Dual-mode operation and compatibility requirements with analog systems make this task even more challenging. The main goal of current developments in dual-mode (and eventually triple-mode) transceivers, which cover drastically different data rates and modulation formats, is often reduction of cost, power, and size.4

Defining Software Radio The most literal translation of software radio would be a radio where signals on the antenna, or perhaps at an intermediate frequency, are digitized with a high-performance analog-to-digital converter (ADC) and sent to a terminal (computer, mobile phone, etc.). Once digitized and inside the terminal, code would be used to select an RF channel and demodulate the signal (Fig. 1a). While this is a worthy goal, it's only now becoming practical for specific applications.

A more reasonable name for this desired technology would be a "digital reprogrammable radio." (Note that digital receivers can be designed to receive digitally modulated signals, as well as analog, or FM, signals.) As with a software radio, an ADC is used to digitize the signal at the antenna or at an intermediate frequency. Instead of processing the digitized data solely in software, however, a variety of flexible, reconfigurable ASICs and general-purpose digital signal processors (DSPs) are used to reduce system power dissipation, size, and cost (Fig. 1b).

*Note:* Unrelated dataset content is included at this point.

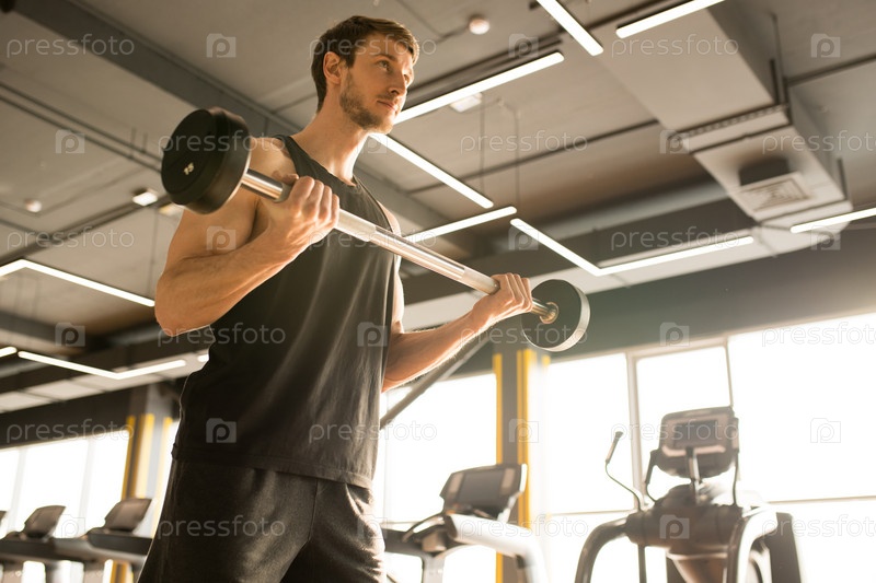 Молодой спортсмен тренируется в тренажерном зале

These ASICs are programmable and can be adjusted for different channel characteristics and modulation schemes. These implementations, which include ASICs or field-programmable gate arrays (FPGAs), are more economical than fully flexible DSP implementations.5

A practical definition of software radio includes radios with a set of predefined hardware modules (such as ASICs or FPGAs). These modules must be selectable through software as common hardware for several different systems.

These modules provide multirate signal-processing functions (like decimators and interpolators), digital down/up conversion capabilities, and filter programmability via RAM-coefficient, finite-impulse-response (FIR) filters. This approach enables the efficient realization of transceiver functions in terms of power consumption, minimal component count, and compactness. In effect, the filters and demodulation that would have run on the terminal have been generalized and committed to silicon with programmable characteristics.

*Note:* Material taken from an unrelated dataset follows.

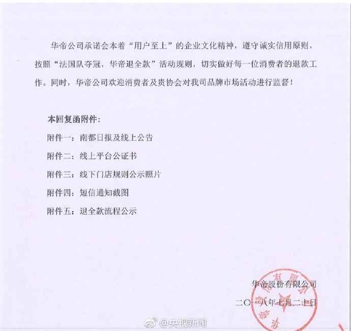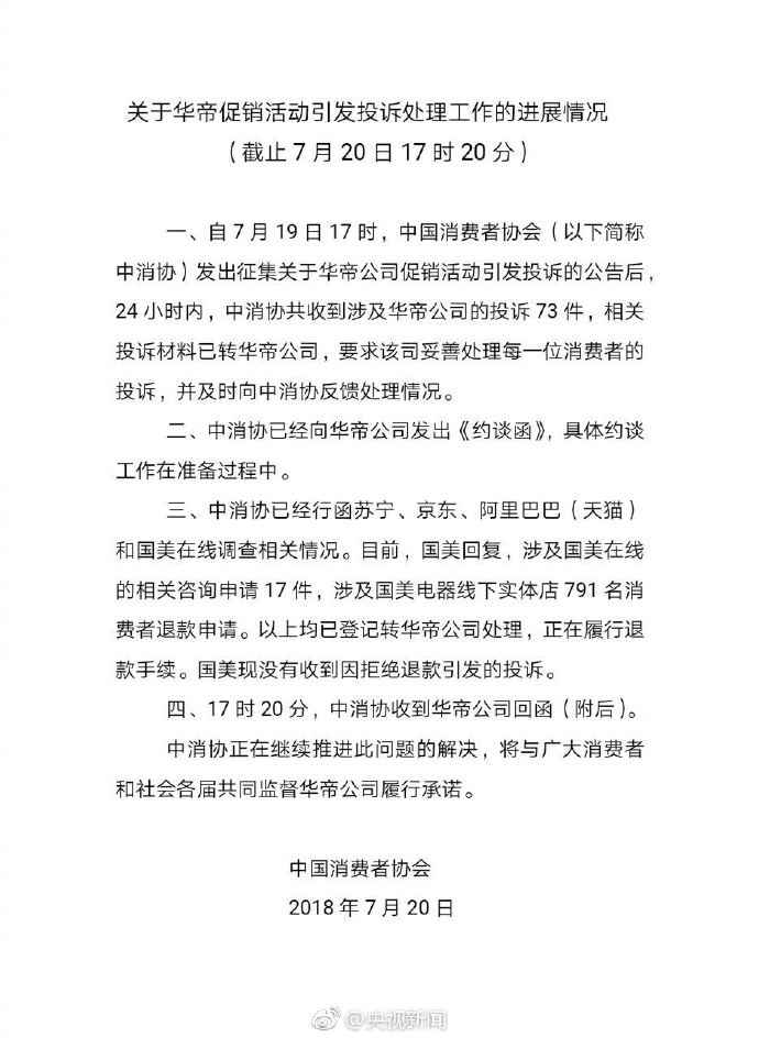 对“华帝用户退全款遇阻”一事,中消协今晚发布《关于华帝促销活动引发投诉处理工作的进展情况(截止7月20日17时20分)》,表示自发出征集投诉公告后,24小时内已收到相关投诉73件。中消协已经向华帝公司发出《约谈函》,约谈工作正在准备中。(央视记者王婧)

Thus, a software radio that's practical for today is one where selected functions have been committed to silicon. But, enough flexibility must be retained in order to reconfigure it for a variety of different standards.

What Technology Is Needed? In recent years, there's been significant improvement in critical technologies such as low-noise amplifiers (LNAs), mixers, data conversion, and DSPs. Only now do these enhancements make "software radios" possible.

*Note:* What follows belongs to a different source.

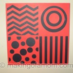 The Back Story Now that our son is 3 months old we decided that he was ready to graduate from the checker board pattern to more advanced geometric shapes. We also decided to add some color. In my wife's college human development class, she learned that when babies are first born they can only see black, white and red. The checker board pattern that we made was just black and white, this one will be red and black, and instead of just squares we have rectangles, circles and chevrons.Baby … [Read more...]

Whether sampled at the antenna or at an intermediate frequency (IF), the signal must still be sampled with an analog-to-digital converter (ADC). In the case of the military archetype (Fig. 1a, again), the usual specification was for a 16-bit, 1-GHz sampler. Needless to say, if such a converter ever existed, it was quite expensive. Although advances have been made in RF-bandpass sigma-delta converters, a much more practical solution is to sample at an IF frequency.

A key breakthrough in the commercialization of software radios has been to limit the bandwidth of the receiver. The personal communications services (PCS) and cellular industries have done this through the licenses granted to operators (typically under 15 MHz per operator). Technically, this means that as long as the band of interest has bounds, images and other spurious signals can be managed and placed out of band. When applied to software radio, a defined bandwidth means that a system's sample rate and dynamic range can be reasonably limited.

This means that the IFs able to be selected also can be directly sampled with current ADC technology. Five years ago, data converters required that the RF signal be converted to baseband. Present technology allows the sampling of IF signals up to 250 MHz. An added benefit of IF sampling is that one or more downconvert stages can be eliminated. This results in very small receiver designs and, thereby, reduced cost.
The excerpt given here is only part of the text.